Ink dry on Washington legislature’s dam removal study funding
At the start of the legislative session, Governor Inslee proposed a budget that included two separate $5 million lower Snake River dams replacement studies as follow-up to the Murray-Inslee process. One study on energy replacement and one on transportation solutions due to the loss of barging.
With thorough feedback, the House Appropriations committee–led by Representative Chris Corry (R-LD 15)–made notable changes to the budget language. These include the following:
- The study should be performed by a western National Laboratory.
- The study should be conducted in coordination with state and federal energy agencies, stakeholders, and utilities.

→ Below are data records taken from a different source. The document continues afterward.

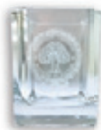
Glāze Ls 5,00

Suvenārus var iegādāties Raiņa bulvārī 19, 127. telpā
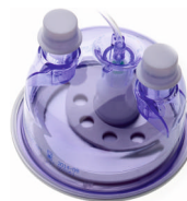
Komory nawilżacza do wszystkich typów wentylacji
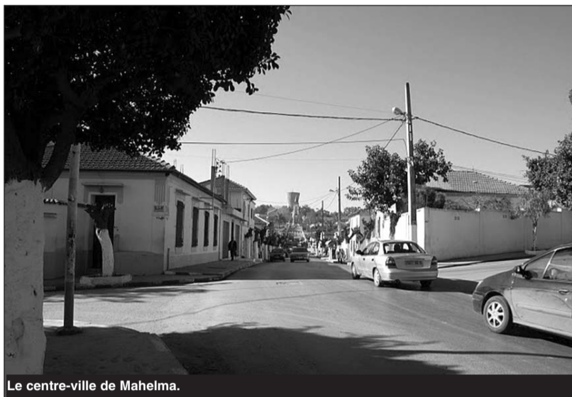
Le centre-ville de Mahelma.
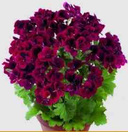
Pelargonium "Candy Flower" Dark Red.

Pelargonium voor niet te grote pot. Lagere temperatuur geeft meer bloei. Kan redelijk droog geteeld worden. Pas op voor botrytis.
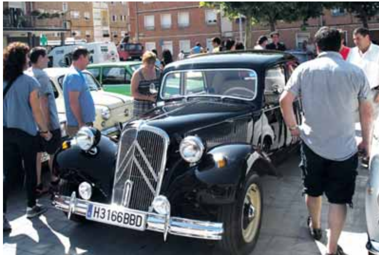
Etxe askotako autoak eta motorrak ikusteko aukera izan zen Altsasun.

Goizeko 10:00etatik 13:00etara Citroën historikoak, Renault Alpi-
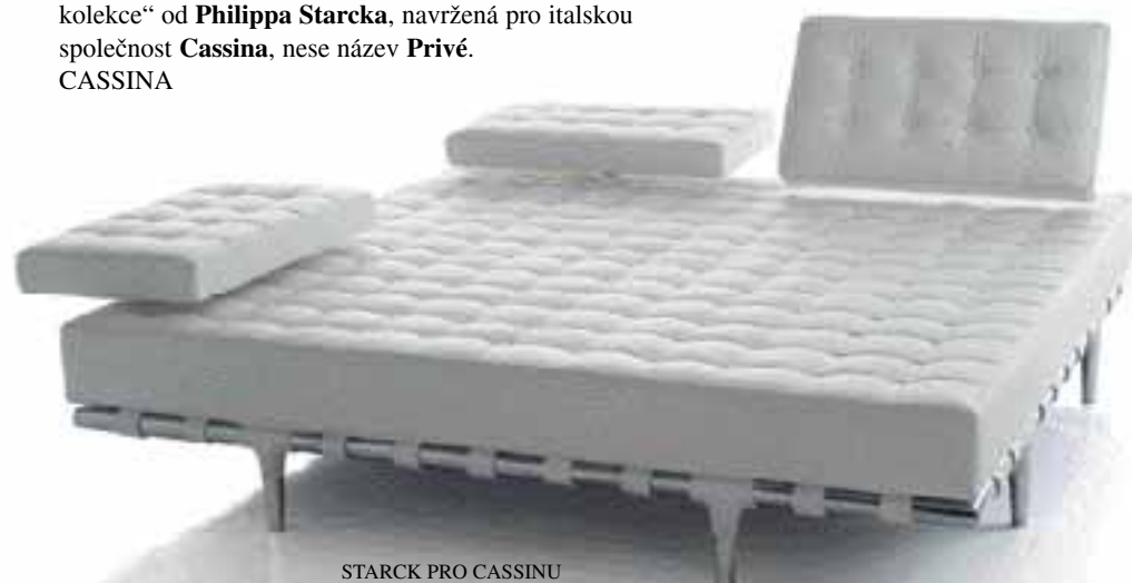
STARCK PRO CASSINU

PHILIPPE STARCK v bílé a černé. Nová „černobílá kolekce“ od Philippa Starcka , navržena pro italskou společnost Cassina , nese název Privé . CASSINA
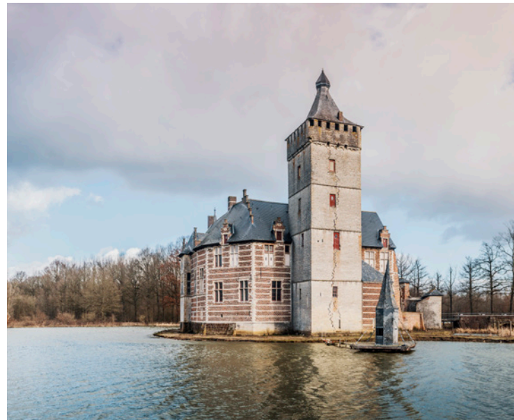
Het kasteel van Horst in deelgemeente Sint-Pieters-Rode.
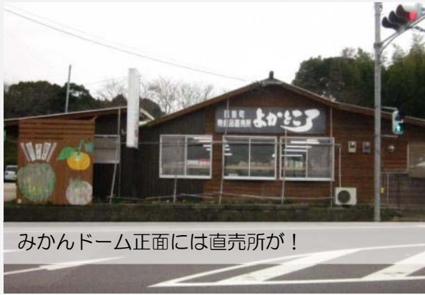
みかんどーム正面には直売所が！
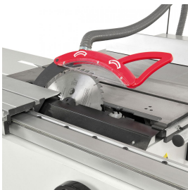
Der Sägeblattschutz mit integriertem Absaugstutzen ist am Spaltkeil befestigt. Serienmäßig mit Vorritzaggregat ausgestattet.
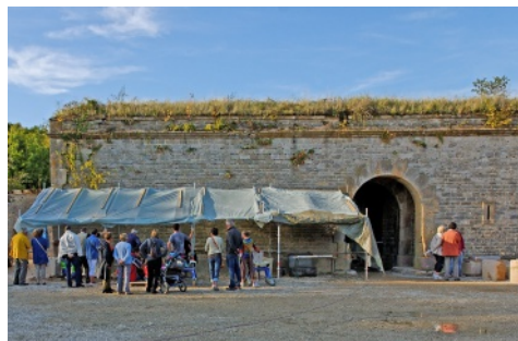
Taille de pierre à la Lunette 10
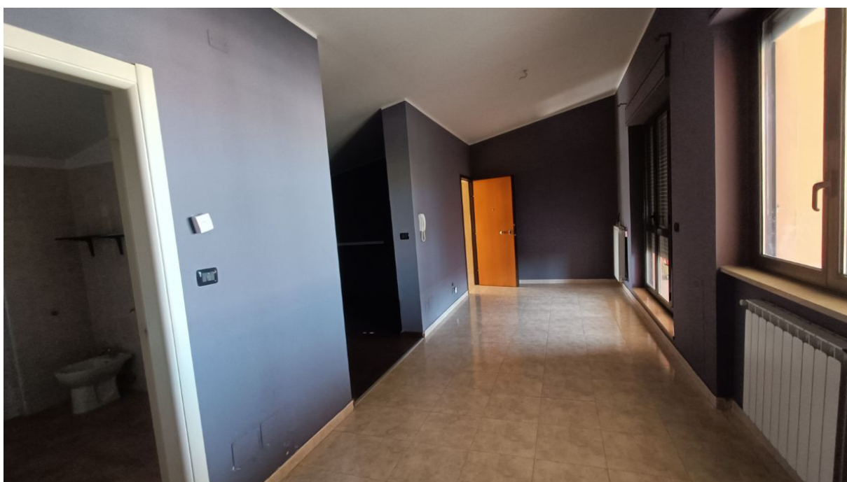
Immobile sito in Pescara alla Via di Sotto n.3/2, Piani quarto e quinto, Scala B, Palazzina B distinto al Foglio n.18 Particella n.2874 Sub. n.139. Piano quinto.
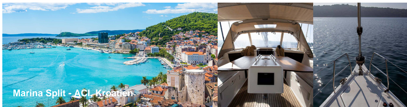
Marina Split - ACI, Kroatien
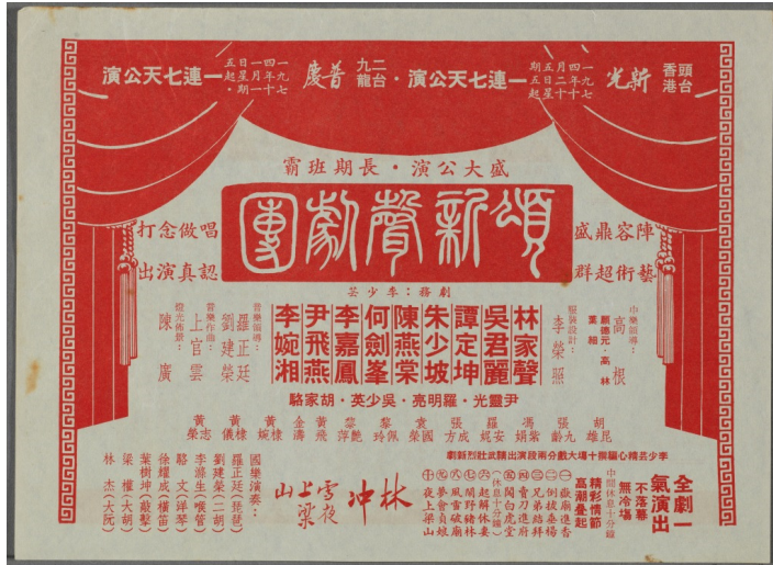
「頌新聲劇團」戲橋 劇目：《林冲雪夜上梁山》 1974 年 2010.46.21
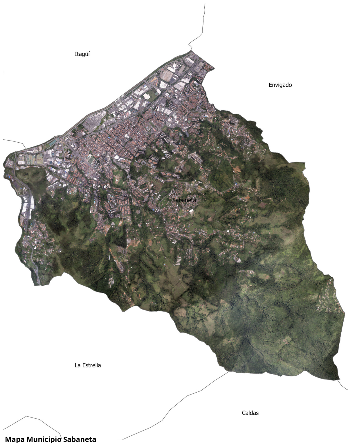
Mapa Municipio Sabaneta

El universo de estudio abarca el Municipio de Sabaneta
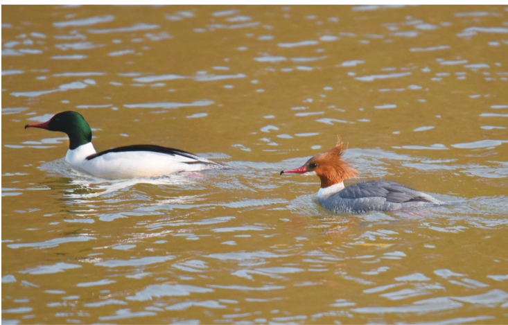
秋沙鸭有着“杀马特”头型

不远处的秋沙鸭逆流而上,在众多水鸟中,“梳背头”的家伙很是惹眼,“杀马特”头型迎风招展,黑眼黑瞳宝石般闪亮,红红侧扁的长嘴,前端尖出长着黑色小钩,锋利的齿状喙和犀利的眼神。羽毛长得也颇具特色,雌雄都有一头“杀马特”发型,雄鸭羽毛黑白分明,头部黑色,身体白色,背部一道黑色直通尾部。雌鸭羽毛以棕褐色、灰色为主,棕褐色的头部,灰色的背,下面也长有白色羽毛,脖颈处由白向灰逐渐过渡。

- Projected lower Snake River dam replacement resources must be incremental to the resources required to decarbonize the grid.
- The study must explore scenarios related to electricity demand, generation, land use, and grid reliability.
The final amount appropriated to these studies was lowered from $5 million to $2 million per study.
- YOUR voice was heard loud and clear, and the changes made mean these studies are more likely to be conducted in a manner that relies on science and data as opposed to politics. As is the case with previous studies on removal of the lower Snake River dams, we expect that their value to society will be further bolstered.
- Together, we’re making a difference for Northwest hydropower. If you haven’t already, sign up today to protect hydropower and join our fight!
Montana passes resolution to oppose breaching lower Snake River dams
- As you may have heard in our previous edition of Runoff, resolution SJ10 was being considered by Montana’s legislature. With broad bipartisan support, the legislature passed SJ10 and affirmed Montana’s support for retaining the lower Snake River dams.
- This makes Montana the first state to officially take a public stance in support of these valuable hydropower assets.
- Once again, YOU–alongside Flathead Electric Cooperative, Montana’s largest electric co-op, and the Montana Electric Cooperatives Association–made a major difference here. SJ10 represents a landmark moment in protecting Northwest hydropower and our access to affordable, carbon-free energy.
RiverPartners DC Fly-In
- Our members shared stories about the importance of hydropower and salmon. They also emphasized the role of the lower Snake River dams in achieving the region’s clean energy future.
- Our commitment to salmon and steelhead recovery across the region was recognized.
- We heard strong bipartisan support for hydropower and for preserving the lower Snake River dams.